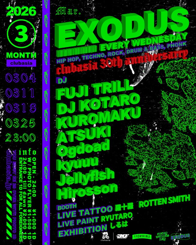 30周年を迎え空間とSOUNDが強化された、新たなclubasia 3月の"EXODUS"は要チェック。
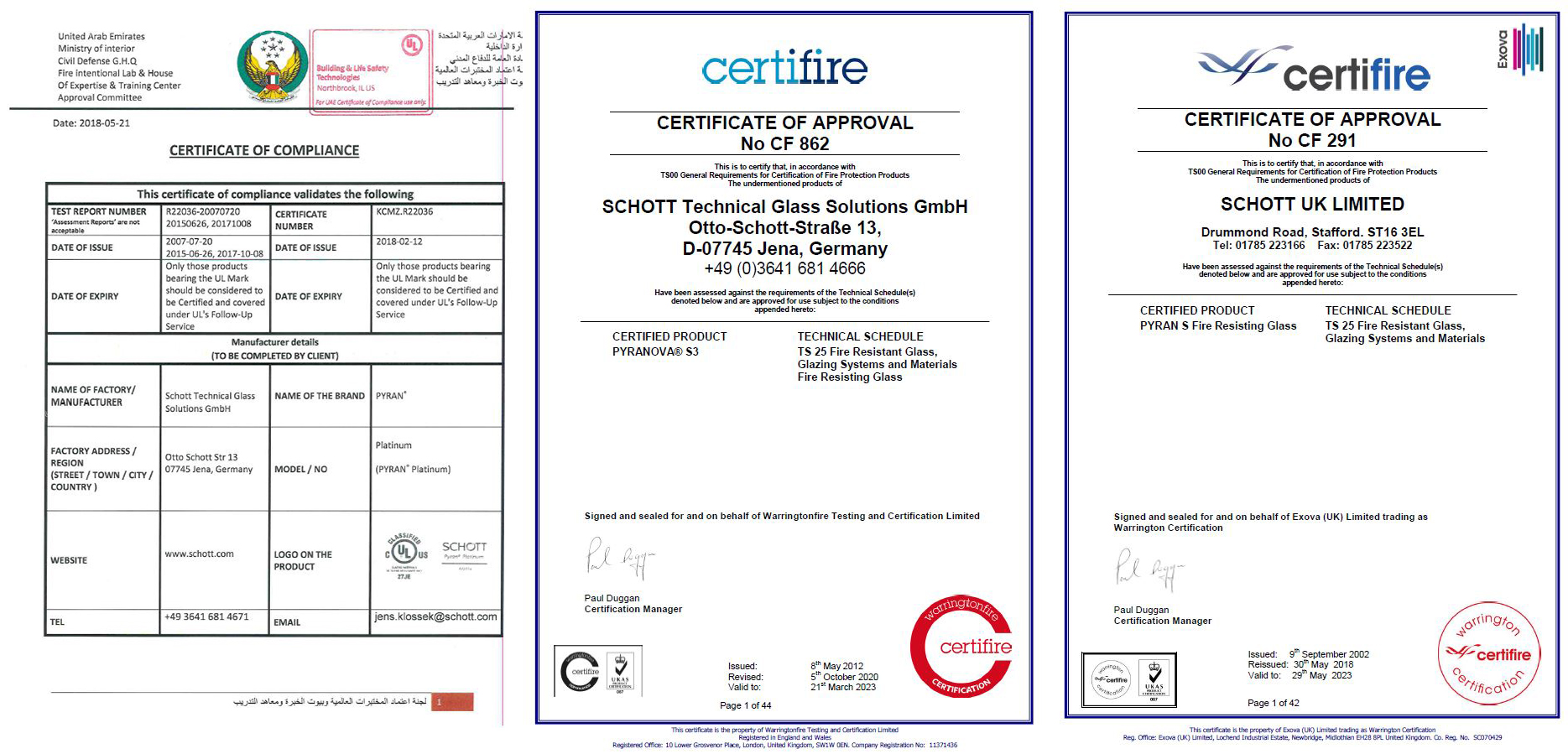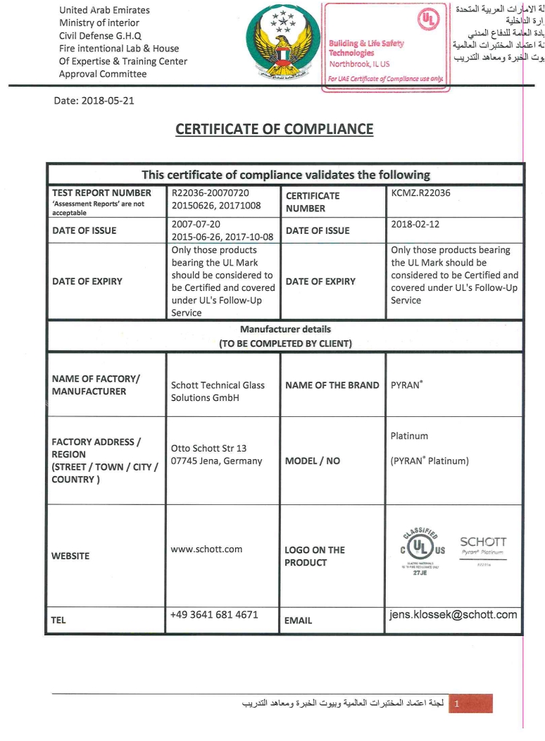 Emirates Glass and SCHOTT provide certified EN and UL multifunctional, laminated, and insulation fire resistant glass types with up to 120 minutes of barrier time
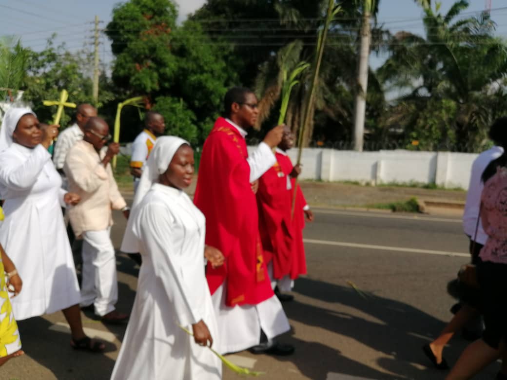 From the Mary Mother of Good Counsel Catholic Church, West Airport, Hadiza Nuhhu Billa Quansah reports that Very Rev Fr. David Arko Amissah and Very Rev Fr. John Louis led the Palm Sunday ceremony.
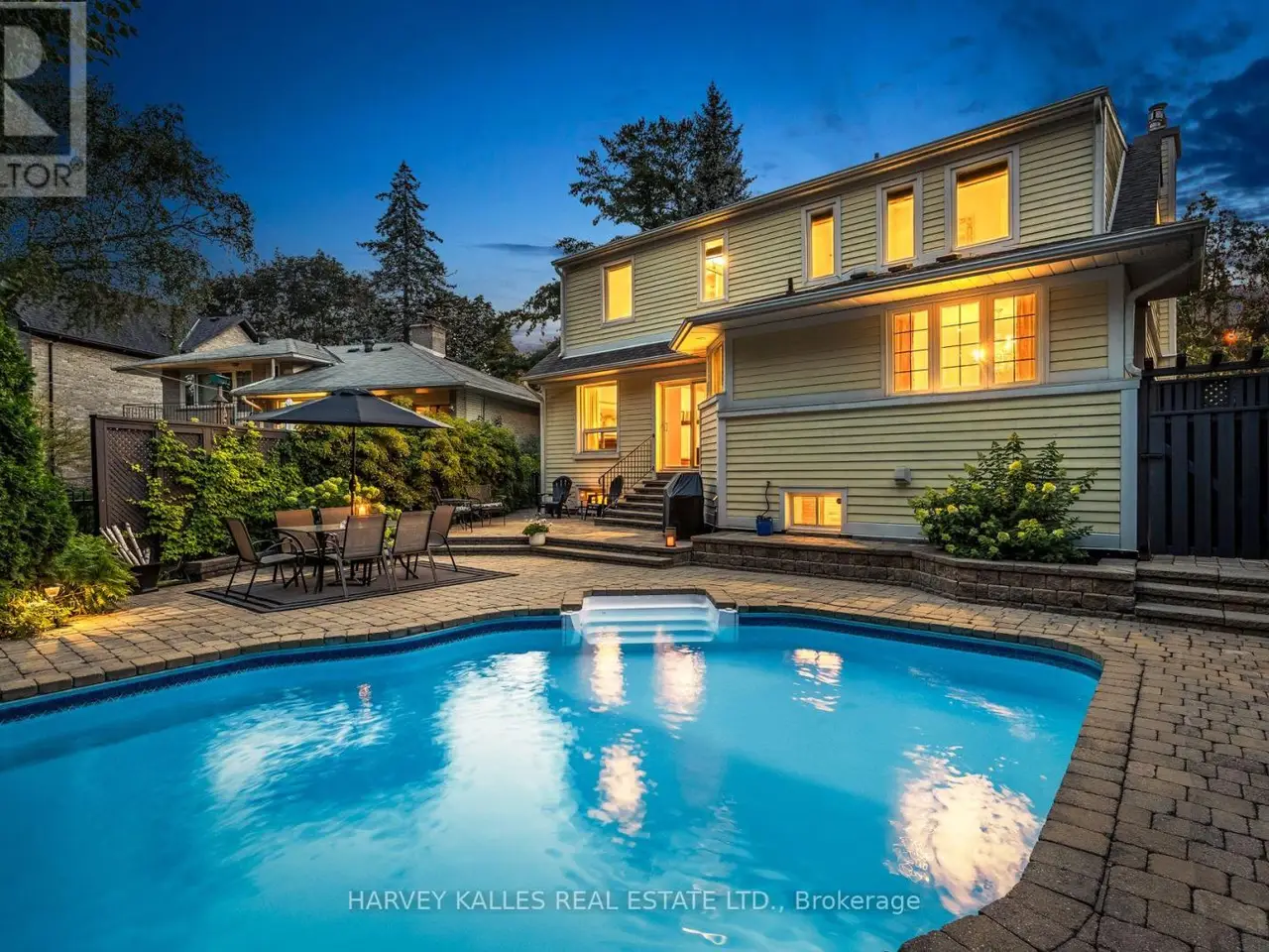 Welcome to 17 Elstree Rd, a stunning home set on one of the most coveted & tranquil tree-lined streets in Humber Valley Village. With over 81 ft of frontage on a lush,mature lot, this residence combines timeless elegance w/modern comfort in a truly unbeatable location.Step onto the covered front porch & into a sun-filled foyer featuring custom closets & gleaming hrdwd flrs. The L/R offers a wall of windows overlooking the front gardens & a custom Rumford fireplace w/stone surround - perfect for both entertaining & quiet evenings. The formal D/R impresses w/hrdwd flrs, bespoke millwork, & a statement chandelier,all overlooking the priv backyard.The kit features hrwd flrs,stone counters & backsplash, 6 s/s appliances,abundant cabinetry,a breakfast area, & a w/o to the backyard oasis. A main-flr F/R completes the flow,offering a warm space to gather & relax.Upstairs, you'll find 3 spacious bdrms, incl a primary retreat w/a w-in closet, custom b/ins, & a spa-inspired 5pc ens w/garden views.The L/L expands the living space w/a generous rec room,gas fireplace,above-grade windows, & a dedicated guest br or office paired w/a nearby 3pc bath - ideal for a nanny or in-law suite. A bright laundry area,ample storage, & a cold rm add convenience & function.Outside,the inground salt water pool,landscaped gardens, & towering trees create a private sanctuary, complemented by a dbl-car garage & driveway prkg for four. This home represents an exceptional opportunity to live on one of the best streets in Humber Valley Village,surrounded by top-ranked schools,incl Humber Valley Village JMS, Richview Collegiate Institute & All Saints Catholic School.Walk to the newly renovated Humbertown Shopping Centre & James Gardens.Renowned golf clubs, incl St. George's Golf & Country Club,Islington Golf Club & Weston Golf Club,are nearby.W/quick access to the Bloor St Subway line, Pearson Int Airport,and major hwys, 17 Elstree Rd offers the perfect balance of serene family living & city convenience.
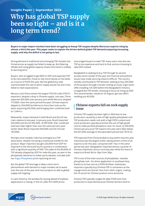 Buyers in major import markets have been struggling to line-up TSP cargoes despite Moroccan exports rising by almost a third this year. This must-read paper addresses this issue, and covers the following topics:
_ _ _ _ _
Activity
Set every entry down again exactly as written, and omit the images.

Problem solution
 30周年を迎え空間とSOUNDが強化された、新たなclubasia 3月の"EXODUS"は要チェック。
 Emirates Glass and SCHOTT provide certified EN and UL multifunctional, laminated, and insulation fire resistant glass types with up to 120 minutes of barrier time
 From the Mary Mother of Good Counsel Catholic Church, West Airport, Hadiza Nuhhu Billa Quansah reports that Very Rev Fr. David Arko Amissah and Very Rev Fr. John Louis led the Palm Sunday ceremony.
 Welcome to 17 Elstree Rd, a stunning home set on one of the most coveted & tranquil tree-lined streets in Humber Valley Village. With over 81 ft of frontage on a lush,mature lot, this residence combines timeless elegance w/modern comfort in a truly unbeatable location.Step onto the covered front porch & into a sun-filled foyer featuring custom closets & gleaming hrdwd flrs. The L/R offers a wall of windows overlooking the front gardens & a custom Rumford fireplace w/stone surround - perfect for both entertaining & quiet evenings. The formal D/R impresses w/hrdwd flrs, bespoke millwork, & a statement chandelier,all overlooking the priv backyard.The kit features hrwd flrs,stone counters & backsplash, 6 s/s appliances,abundant cabinetry,a breakfast area, & a w/o to the backyard oasis. A main-flr F/R completes the flow,offering a warm space to gather & relax.Upstairs, you'll find 3 spacious bdrms, incl a primary retreat w/a w-in closet, custom b/ins, & a spa-inspired 5pc ens w/garden views.The L/L expands the living space w/a generous rec room,gas fireplace,above-grade windows, & a dedicated guest br or office paired w/a nearby 3pc bath - ideal for a nanny or in-law suite. A bright laundry area,ample storage, & a cold rm add convenience & function.Outside,the inground salt water pool,landscaped gardens, & towering trees create a private sanctuary, complemented by a dbl-car garage & driveway prkg for four. This home represents an exceptional opportunity to live on one of the best streets in Humber Valley Village,surrounded by top-ranked schools,incl Humber Valley Village JMS, Richview Collegiate Institute & All Saints Catholic School.Walk to the newly renovated Humbertown Shopping Centre & James Gardens.Renowned golf clubs, incl St. George's Golf & Country Club,Islington Golf Club & Weston Golf Club,are nearby.W/quick access to the Bloor St Subway line, Pearson Int Airport,and major hwys, 17 Elstree Rd offers the perfect balance of serene family living & city convenience.
 Buyers in major import markets have been struggling to line-up TSP cargoes despite Moroccan exports rising by almost a third this year. This must-read paper addresses this issue, and covers the following topics:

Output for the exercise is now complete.